On the way they rescue a pretty young girl by the name of Lekha (Sruthi Lakshmi) from the hands of a few ruffians, but later find the girl murdered. They flee to a tea estate in Munnar, but the murderer is close at hand.

Cast
 Vinu Mohan as Alby
 Muktha as Janet
 Priya Lal as Riya
 Rejith Menon as Soumitran
 Sudheesh as Sudhi
 Sruthi Lakshmi as Lekha Paul
 Biyon
 Harishree Ashokan as Thangappan
 Kalabhavan Mani as Vinod
 Anoop Chandran as Veeramani
 Roopasree Asokan
 Anil Murali
 Karatte Raja
 Nimisha
 Urmila Unni
 Ambika Mohan as Vinod's mother
 Mini Arun
 Jolly

Production
The film is produced by T. Satheesh Babu, under the banner of Cinema Factory, and directed by businessman and chairman of Atlas Group, M M Ramachandran (Atlas Ramachandran).

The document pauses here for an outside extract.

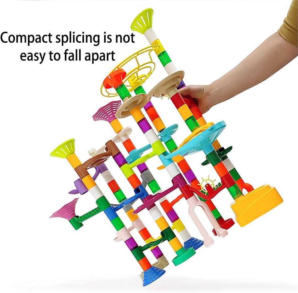 Sturdy Tight This kids STEM building blocks toys set adopts high quality ABS plastic material, pieces together tightly, standing firmly. Track interface size is scientific design, compact firm , but also easy to move. Include:Total 150pcs parts, include 50 pipeline connectors ,8 sturdy bases, 27 exciting part , 60 pieces 0.51 inch marble(15 plastic ,30 plastic glowing,15 glass) and specification. Funny Toy :Building and running the marbles through the different designs that you can make. Children will thrilled when watching the marbles roll in the exciting part and dorp .It s really educational and entertaining at the same time. Ideal Marble Building Set Gift: Perfect marble game toy choice for birthday gift, children party favor, after-school fun, Christmas presents and all other holidays.

It is his first venture as a director, but he has produced certain critically acclaimed films like Vaishali, Dhanam etc., and has acted in films like Arabikatha, Anandabhairavi etc. According to him, the film is aimed at youngsters.

The filming occurred at various locations in India like Bangalore and Kochi and on foreign locales as Kuala Lampur.

Soundtrack

The original score and songs were composed by Alex Paul, with lyrics penned by Kaithapram and Santhosh Varma. The soundtrack received mixed responses. Nowrunning published a positive review commenting that "Alex Paul's music is the only fair thing in this film." Sify'''s review was negative saying, "Alex Paul’s tunes are pretty ordinary". They also commented that "A song pops out every other moment, which is almost always a dream sequence."

Release and reception
The movie was released on 12 November 2010, in thirty six theatres by Cinema Factory Release.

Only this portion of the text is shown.